Борис пришел сдавать кровь в понедельник, первым по записи. Вошел, высокий, красивый, в свитере и с палочкой, и остановился возле двери.
– Здравствуйте, мне кровь сдать.
Смотрел прямо перед собой. Таня не сразу догадалась, что он слепой. Потом усадила на стул, попросила закатать рукав. Игла легко вошла в тонкую вену. Попала с первого раза. Подставила пробирку.
– Вот и хорошо.
Борис удивился:
– Да вы мастер! Мне с первого раза никогда не попадают. Говорят, вены плохие.
– Почему же? Хорошие вены, только тонкие.
Он засмеялся:
– Так все говорят, – плохие, потому что тонкие...
– Не знаю... Честно говоря, это единственное, что я хорошо делаю, – почему-то сказала Таня.
– Это не так уж мало, – сказал, повернул голову в ее сторону и улыбнулся.
«Может, он все же немного видит, – подумала Таня. – Неужели улыбнулся просто так, одному моему голосу?»
Он немедленно подтвердил:
– У вас голос очень хороший.
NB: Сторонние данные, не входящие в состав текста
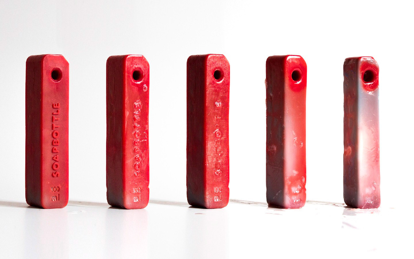 SOAPBOTTLE 在設(shè)計(jì)中加入了無包裝化妝品的概念,具體方式是將產(chǎn)品本身成為其自身的包裝。采用天然材料制作的香皂具有可生物降解的特性,因此可以完全避免垃圾產(chǎn)生。它外部的包裝由肥皂制成,隨著時(shí)間的推移會逐漸降解。與傳統(tǒng)的塑料容器不同,它不會留下任何廢物,也不會導(dǎo)致任何環(huán)境污染。每個(gè)瓶子的頂部都有一個(gè)孔可讓細(xì)繩穿過,從而提供了簡單且可重復(fù)使用的存儲方法。當(dāng)液體用完后,剩下的部分還可以當(dāng)作洗手香皂使用,或是再次加工成其它洗滌劑或清潔劑使用。

Вам, наверное, сто раз говорили?
Ей никогда этого не говорили. Говорили, что глаза, лицо, волосы, ноги... а про голос никогда не говорили.
– Нет, такого никогда не говорили.
– Есть вещи, которые начинаешь замечать только тогда, когда становишься слепым, – сказал он и опять улыбнулся.
Улыбка у него была совсем особая, – неопределенная и не наружу обращенная, а внутрь.
Пробирка наполнилась, Таня поставила ее в штатив, прилепила марлевую салфетку к ранке.
– Все.
– Спасибо.
Он встал со стула, повернулся лицом к двери. Палка была у него в левой руке, а правую держал, согнув в локте, перед собой, как локатор.
– Я вас провожу до лестницы, – Таня взяла его под руку. Под свитером ощутила плотные мышцы предплечья. Он высвободил руку, перехватил сам. Это он вывел ее в коридор, а не она его. Шли по длинному коридору молча, медленно.
– Лестница, – произнесла Таня. Он кивнул.
Спустились на первый этаж.
– Спасибо, что вы меня проводили. Это было очень приятно... в качестве услуги инвалиду, – и усмехнулся криво.
– Анализы в четверг будут готовы. Может быть, вам позвонить и сообщить результаты?
– Не стоит. Я приеду за результатами.
Таня смотрела ему вслед: свитер-то был на нем хороший, заграничный, а брюки – от военного обмундирования, офицерские.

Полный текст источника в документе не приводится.